=== PROBLEM DESCRIPTION ===
Could you retype exactly the lines below between the one holding "Bis 60 cm gut" and the one holding "Tato kvalitní dřevěná", inclusive, leaving out any pictures?

=== THE DATA ===
---

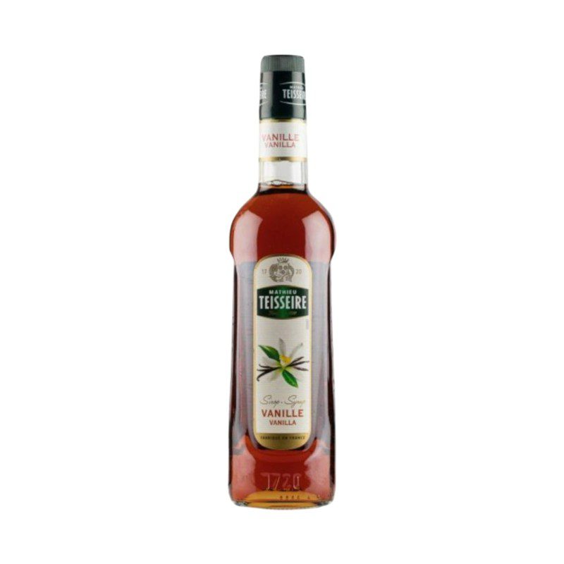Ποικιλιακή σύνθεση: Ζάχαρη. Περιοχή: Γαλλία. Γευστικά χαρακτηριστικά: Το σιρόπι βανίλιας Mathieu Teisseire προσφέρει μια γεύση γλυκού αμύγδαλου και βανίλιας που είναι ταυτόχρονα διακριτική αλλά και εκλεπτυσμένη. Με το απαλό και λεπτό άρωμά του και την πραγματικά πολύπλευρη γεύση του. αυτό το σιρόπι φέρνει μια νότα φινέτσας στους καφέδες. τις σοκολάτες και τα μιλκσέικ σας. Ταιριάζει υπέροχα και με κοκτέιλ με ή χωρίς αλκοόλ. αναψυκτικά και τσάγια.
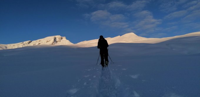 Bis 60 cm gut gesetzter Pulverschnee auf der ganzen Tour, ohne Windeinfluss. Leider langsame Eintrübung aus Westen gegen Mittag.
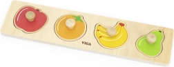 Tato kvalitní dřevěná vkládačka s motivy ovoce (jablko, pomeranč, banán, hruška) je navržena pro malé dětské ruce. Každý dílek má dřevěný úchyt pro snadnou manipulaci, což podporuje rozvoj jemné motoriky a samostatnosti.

---

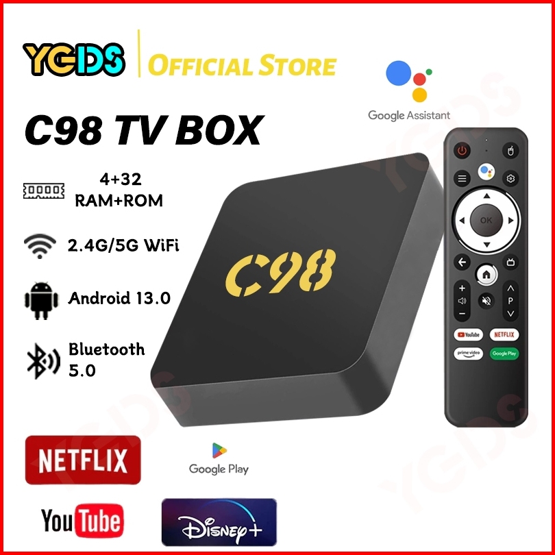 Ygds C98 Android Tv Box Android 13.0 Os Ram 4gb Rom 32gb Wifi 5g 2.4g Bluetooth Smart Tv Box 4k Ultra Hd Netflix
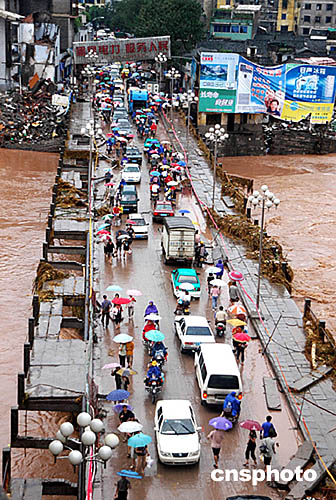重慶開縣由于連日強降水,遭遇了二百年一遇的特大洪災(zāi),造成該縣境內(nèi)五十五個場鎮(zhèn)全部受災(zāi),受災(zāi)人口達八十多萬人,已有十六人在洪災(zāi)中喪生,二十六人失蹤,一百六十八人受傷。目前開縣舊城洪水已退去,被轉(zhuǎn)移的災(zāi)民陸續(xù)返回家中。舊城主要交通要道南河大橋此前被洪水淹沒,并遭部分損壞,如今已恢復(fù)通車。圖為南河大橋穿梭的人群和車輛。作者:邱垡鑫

---

=== RESPONSE AREA ===
 Bis 60 cm gut gesetzter Pulverschnee auf der ganzen Tour, ohne Windeinfluss. Leider langsame Eintrübung aus Westen gegen Mittag.
 Tato kvalitní dřevěná vkládačka s motivy ovoce (jablko, pomeranč, banán, hruška) je navržena pro malé dětské ruce. Každý dílek má dřevěný úchyt pro snadnou manipulaci, což podporuje rozvoj jemné motoriky a samostatnosti.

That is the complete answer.